Task: Without any pictures, copy the records below once more, exactly as they are.

Data records:
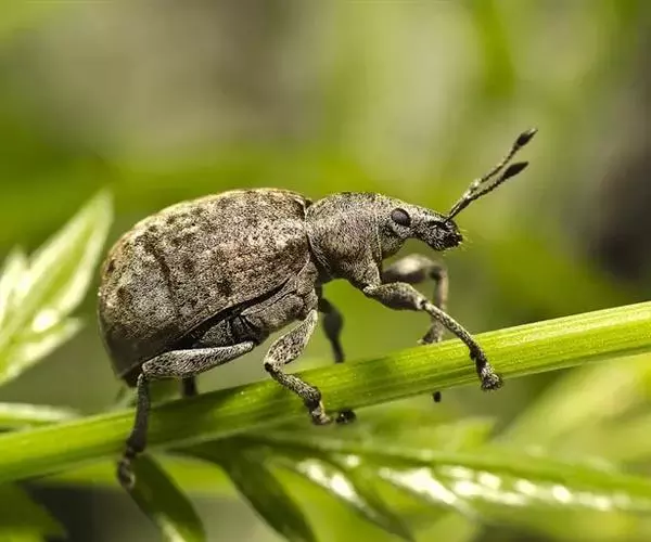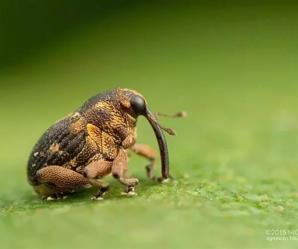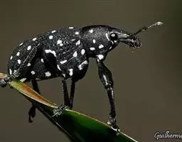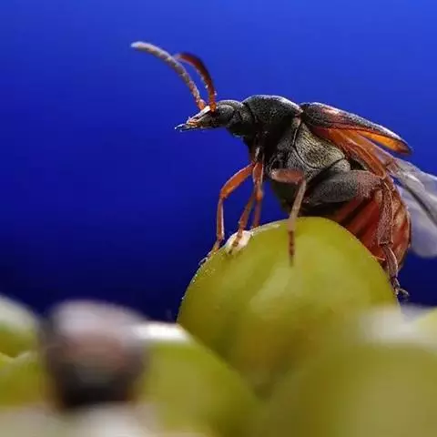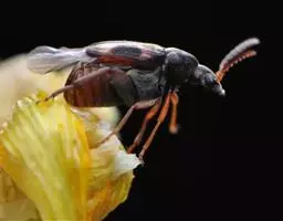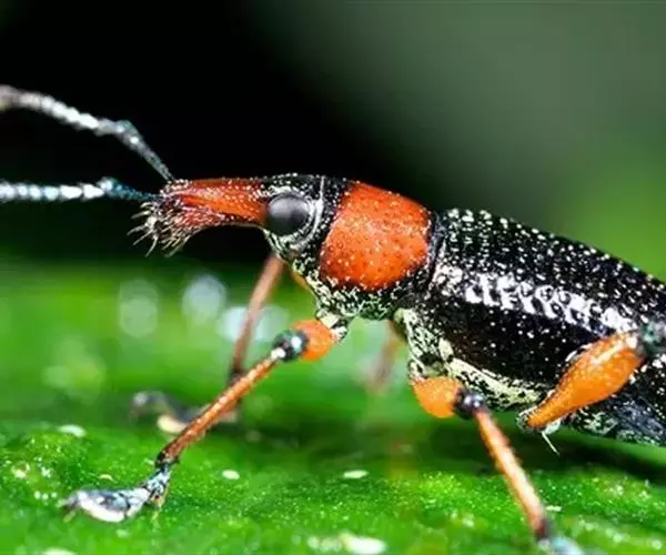 甘薯小象虫属鞘翅目,蚁象虫科。成虫体长5~8毫米,体形细长如蚁。全体除 触角 末节、前胸和 足呈桔红色外,其余均为蓝黑色而有金属光泽。头部延伸成细长的喙,状如象鼻,咀嚼式口器着生于喙的末端。膝状触角10节,雄虫触角末节成棍棒状,雌虫则成长卵状。前胸长为宽的2倍,在后部1/3处缩入如颈状。两鞘翅合起来呈长卵形,显著隆起。鞘翅表面具不明显的小刻点。足细长。卵椭圆形,长约0.6毫米,初产时乳白色,后变淡黄色,表面有小刻点。
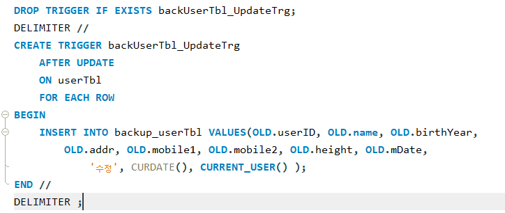 트리거_이벤트: INSERT | UPDATE | DELETE
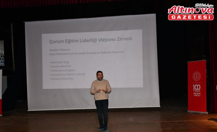 Toplantıda Prof. Dr. Ebru Oğuz, "Eğitimde Dönüşümün Şifreleri: Çevik Liderlik ve Sürdürülebilir Başarı", Dr. Ahmet Aydemir ise "Geleceği Tasarlayan Eğitim Liderleri" konularında sunum yaptı. ÇORUM (AA)
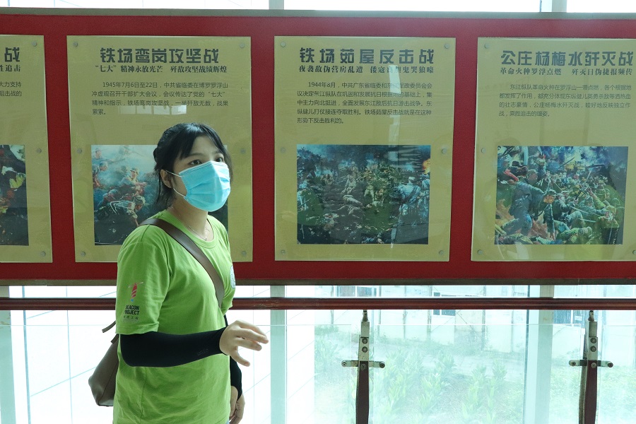 进入惠州市博罗县文化馆,蔡文蝶向成员详细讲解了东江纵队的发展历史,并表示,当下的和平与安定生活是革命先辈们不惜生命换来的,青年一代要积极主动学习党史,以史为鉴,坚定理想信念,做到心中有理想,脚下有目标,将先辈们不懈拼搏的精神发扬光大。
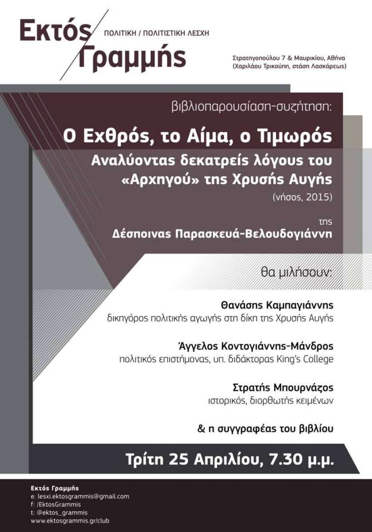 Παρουσίαση και συζήτηση πάνω στο βιβλίο "Ο Εχθρός, το Αίμα, ο Τιμωρός – Αναλύοντας δεκατρείς λόγους του «Αρχηγού» της Χρυσής Αυγής", της Δέσποινας Παρασκευά-Βελουδογιάννη, θα διεξαχθεί στην πολιτική-πολιτιστική Λέσχη Εκτός Γραμμής (Αθήνα, Στρατηγοπούλου 7 & Μαυρικίου) την Τρίτη 25 Απριλίου, 7:30 μ.μ.
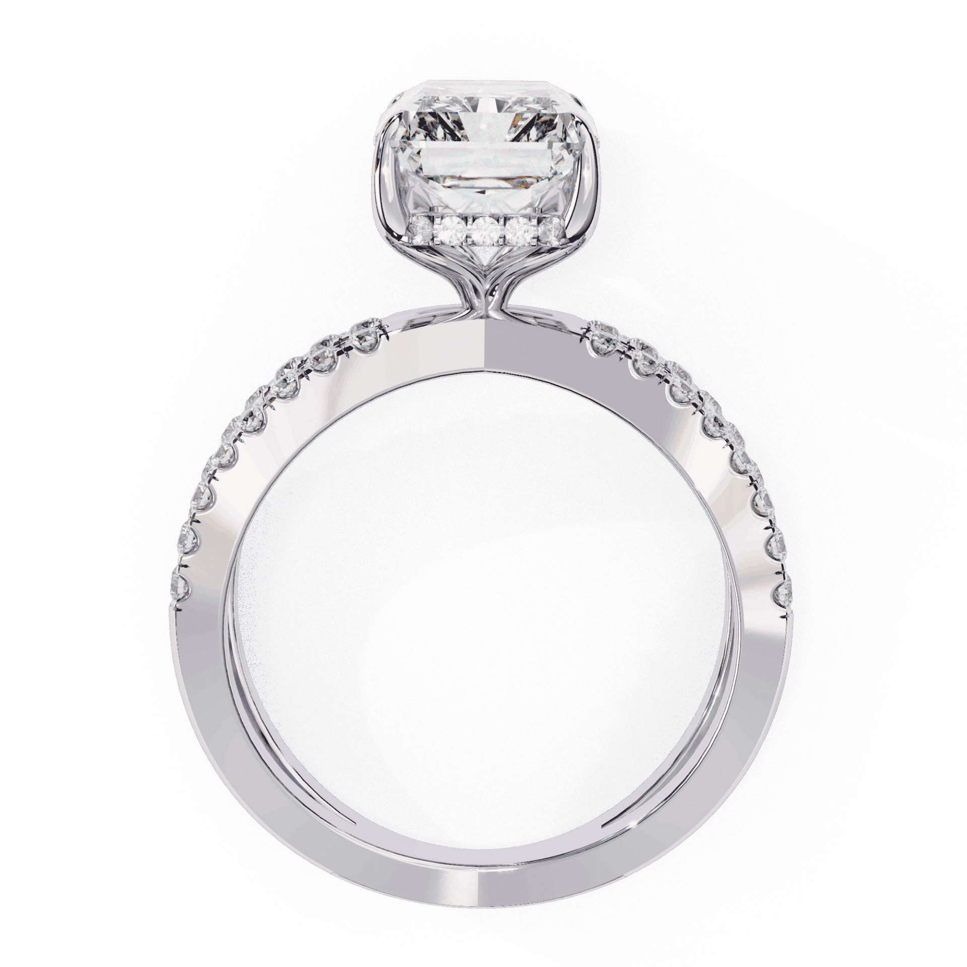 An emerald-cut lab-grown diamond with 49 accent diamonds totaling 2.94 carats. Step-cut flashes in the Eternal Spark setting.

Your response:
 甘薯小象虫属鞘翅目,蚁象虫科。成虫体长5~8毫米,体形细长如蚁。全体除 触角 末节、前胸和 足呈桔红色外,其余均为蓝黑色而有金属光泽。头部延伸成细长的喙,状如象鼻,咀嚼式口器着生于喙的末端。膝状触角10节,雄虫触角末节成棍棒状,雌虫则成长卵状。前胸长为宽的2倍,在后部1/3处缩入如颈状。两鞘翅合起来呈长卵形,显著隆起。鞘翅表面具不明显的小刻点。足细长。卵椭圆形,长约0.6毫米,初产时乳白色,后变淡黄色,表面有小刻点。
 트리거_이벤트: INSERT | UPDATE | DELETE
 Toplantıda Prof. Dr. Ebru Oğuz, "Eğitimde Dönüşümün Şifreleri: Çevik Liderlik ve Sürdürülebilir Başarı", Dr. Ahmet Aydemir ise "Geleceği Tasarlayan Eğitim Liderleri" konularında sunum yaptı. ÇORUM (AA)
 进入惠州市博罗县文化馆,蔡文蝶向成员详细讲解了东江纵队的发展历史,并表示,当下的和平与安定生活是革命先辈们不惜生命换来的,青年一代要积极主动学习党史,以史为鉴,坚定理想信念,做到心中有理想,脚下有目标,将先辈们不懈拼搏的精神发扬光大。
 Παρουσίαση και συζήτηση πάνω στο βιβλίο "Ο Εχθρός, το Αίμα, ο Τιμωρός – Αναλύοντας δεκατρείς λόγους του «Αρχηγού» της Χρυσής Αυγής", της Δέσποινας Παρασκευά-Βελουδογιάννη, θα διεξαχθεί στην πολιτική-πολιτιστική Λέσχη Εκτός Γραμμής (Αθήνα, Στρατηγοπούλου 7 & Μαυρικίου) την Τρίτη 25 Απριλίου, 7:30 μ.μ.
 An emerald-cut lab-grown diamond with 49 accent diamonds totaling 2.94 carats. Step-cut flashes in the Eternal Spark setting.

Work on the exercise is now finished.